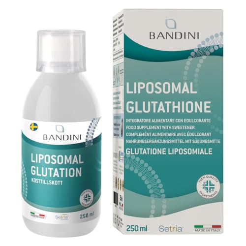 Bandini® Liposomal Glutathione 250ml | 250 mg L-Glutathione Setria reducerad och bioaktiv genom fermentering per dos | Antioxidant, anti-åldrande, motverkar fria radikaler | GMO-fri, vegansk
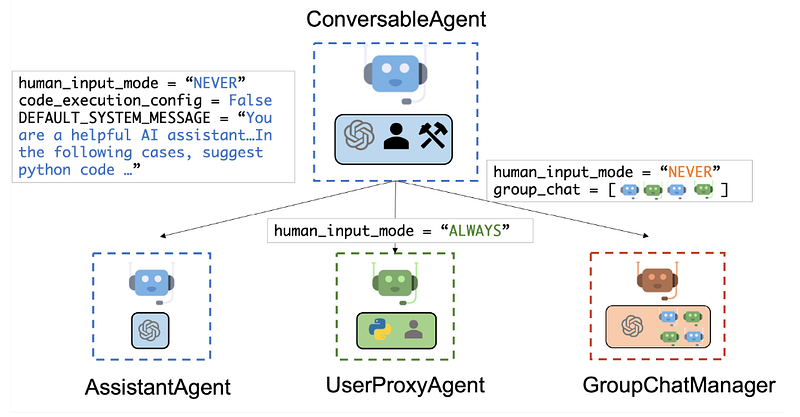 来源:微软 Autogen[2],展示了不同类型的 Agent 及其在 Autogen 库中的作用
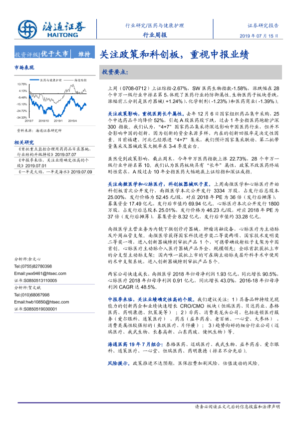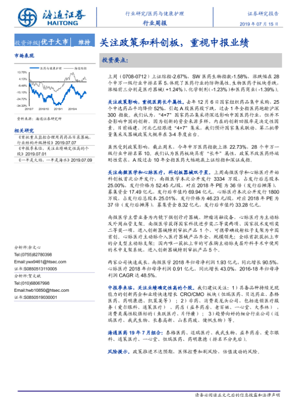 【海通证券】【20190715】医药与健康护理行业周报:关注政策和科创板,重视中报业绩-9页
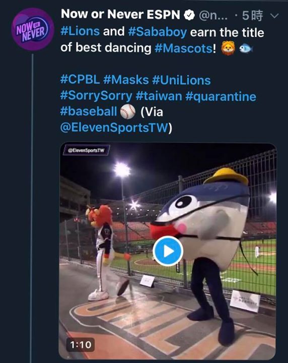在⚾️台南主場追著 統一獅萊恩 又跑又跳舞
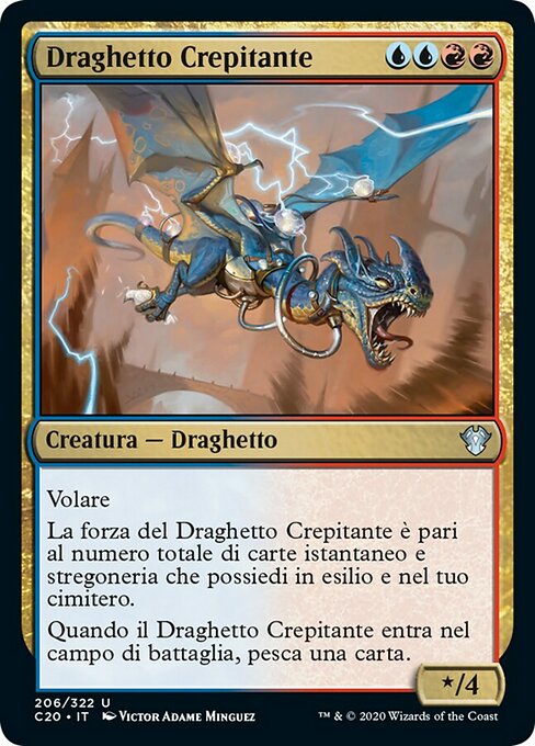 ![]() Variations— Parts— | 弾けるドレイク* / 4 飛行 弾けるドレイクのパワーは、追放領域かあなたの墓地にあって、あなたがオーナーでありインスタントやソーサリーであるカードの総数に等しい。 弾けるドレイクが戦場に出たとき、カードを1枚引く。

-=-=-

> **What you have to do**
Leaving the pictures aside, write out only the lines from the one containing "来源:微软 Autogen[2],展示了不同类型的 Agent" through the end of the material, exactly as they stand.

> **Response to the task**
 来源:微软 Autogen[2],展示了不同类型的 Agent 及其在 Autogen 库中的作用
 【海通证券】【20190715】医药与健康护理行业周报:关注政策和科创板,重视中报业绩-9页
在⚾️台南主場追著 統一獅萊恩 又跑又跳舞
 ![]() Variations— Parts— | 弾けるドレイク* / 4 飛行 弾けるドレイクのパワーは、追放領域かあなたの墓地にあって、あなたがオーナーでありインスタントやソーサリーであるカードの総数に等しい。 弾けるドレイクが戦場に出たとき、カードを1枚引く。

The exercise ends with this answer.